Exercise: For the data below, transcribe the part that opens with the line containing "Художественные кисти Sonnet" and closes with the line containing "Поэтому есть повод", exactly and with no pictures.

Information supplied:
● ● ● ● ●

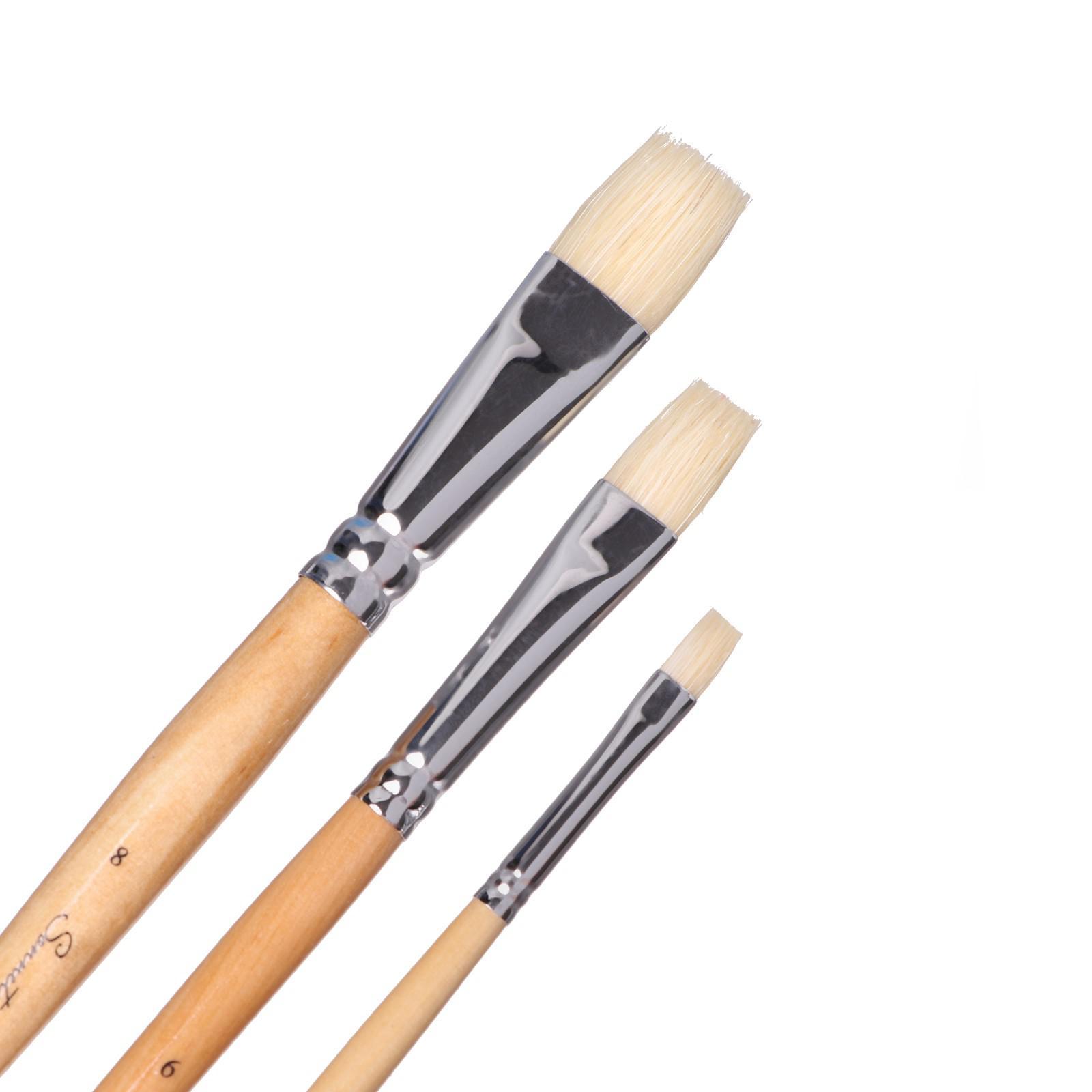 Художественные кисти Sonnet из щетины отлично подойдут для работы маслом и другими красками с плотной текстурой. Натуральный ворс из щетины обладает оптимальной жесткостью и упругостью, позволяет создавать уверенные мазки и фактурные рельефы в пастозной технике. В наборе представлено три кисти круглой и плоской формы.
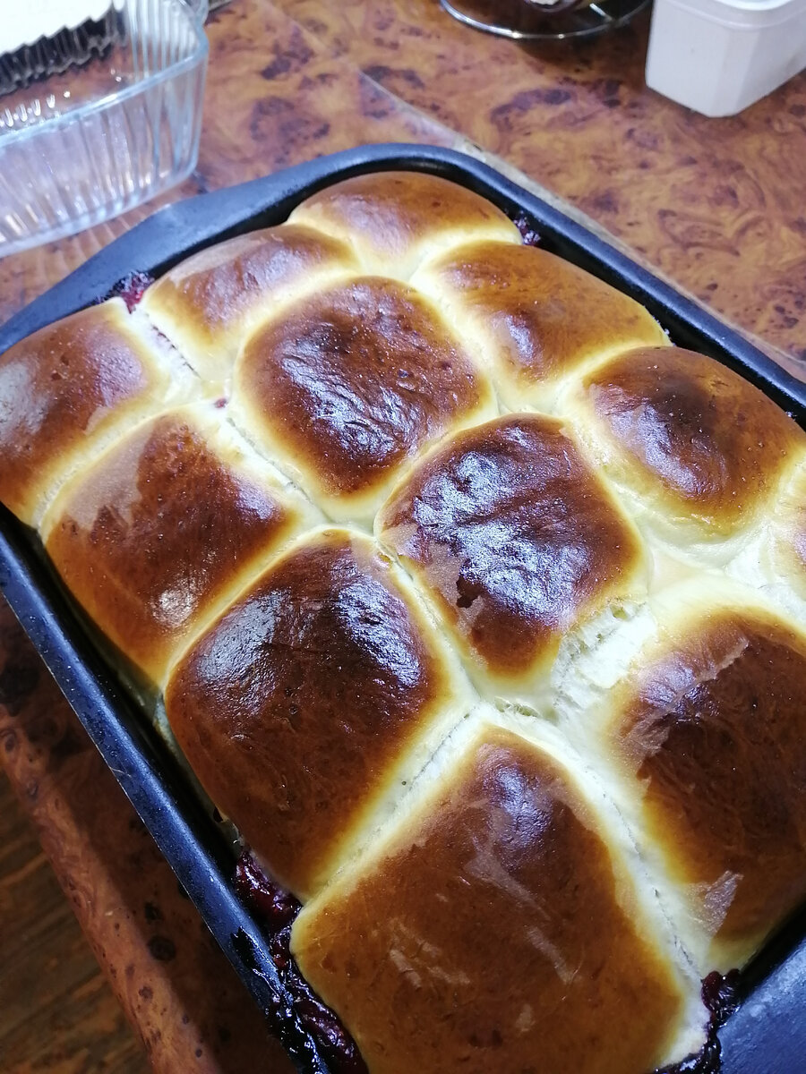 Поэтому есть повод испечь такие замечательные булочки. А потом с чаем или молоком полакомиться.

● ● ● ● ●

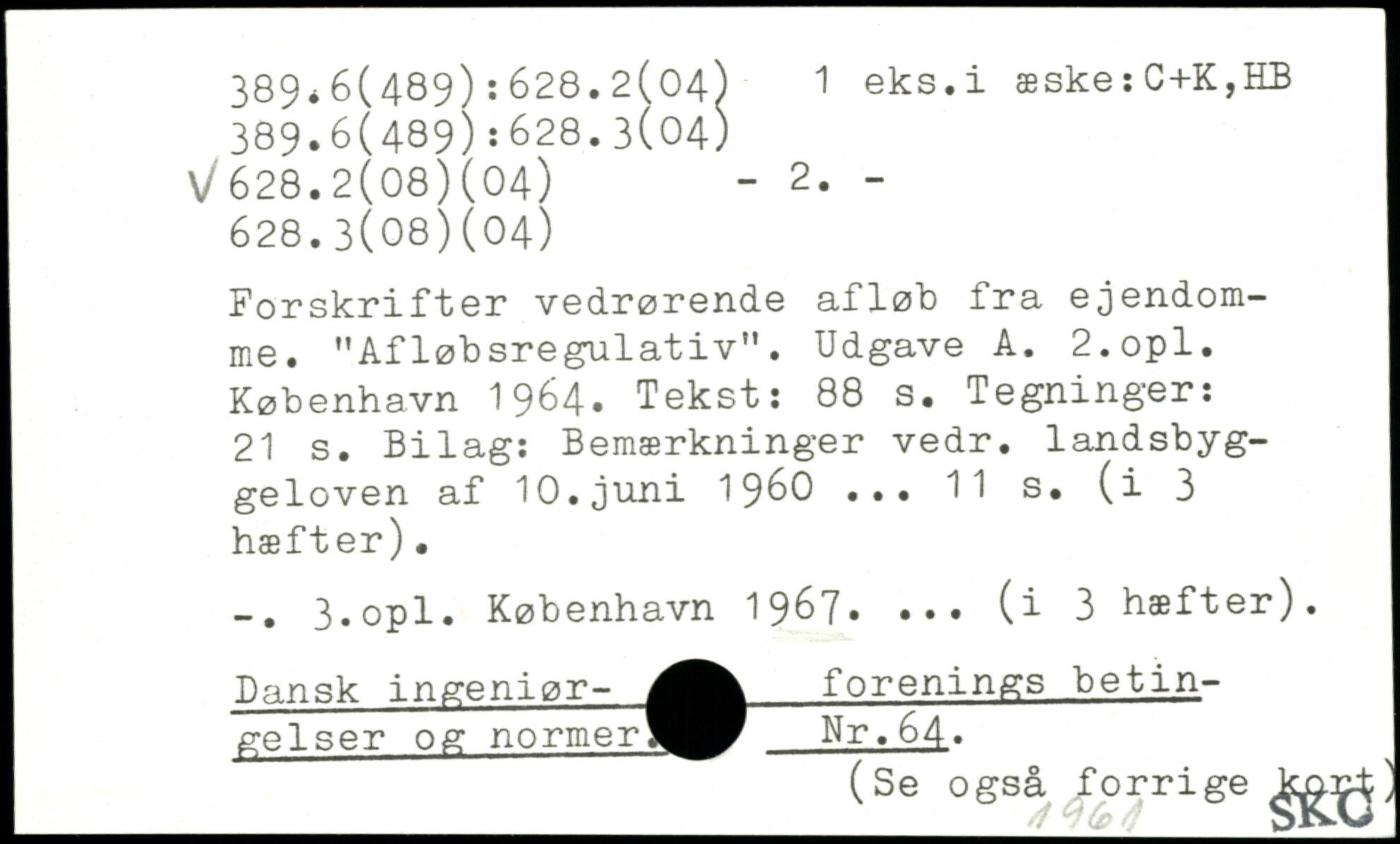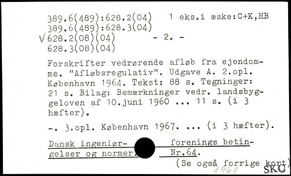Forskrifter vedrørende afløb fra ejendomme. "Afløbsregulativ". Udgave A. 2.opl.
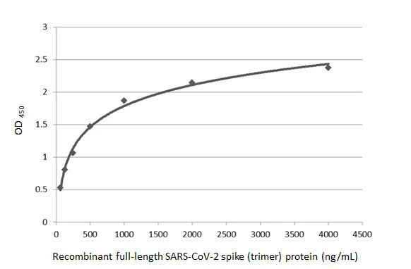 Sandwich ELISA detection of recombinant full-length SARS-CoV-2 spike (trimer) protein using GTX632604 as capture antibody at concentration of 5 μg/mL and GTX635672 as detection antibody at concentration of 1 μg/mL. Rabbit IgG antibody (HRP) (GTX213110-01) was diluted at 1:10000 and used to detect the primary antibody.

● ● ● ● ●

Written answer:
 Художественные кисти Sonnet из щетины отлично подойдут для работы маслом и другими красками с плотной текстурой. Натуральный ворс из щетины обладает оптимальной жесткостью и упругостью, позволяет создавать уверенные мазки и фактурные рельефы в пастозной технике. В наборе представлено три кисти круглой и плоской формы.
 Поэтому есть повод испечь такие замечательные булочки. А потом с чаем или молоком полакомиться.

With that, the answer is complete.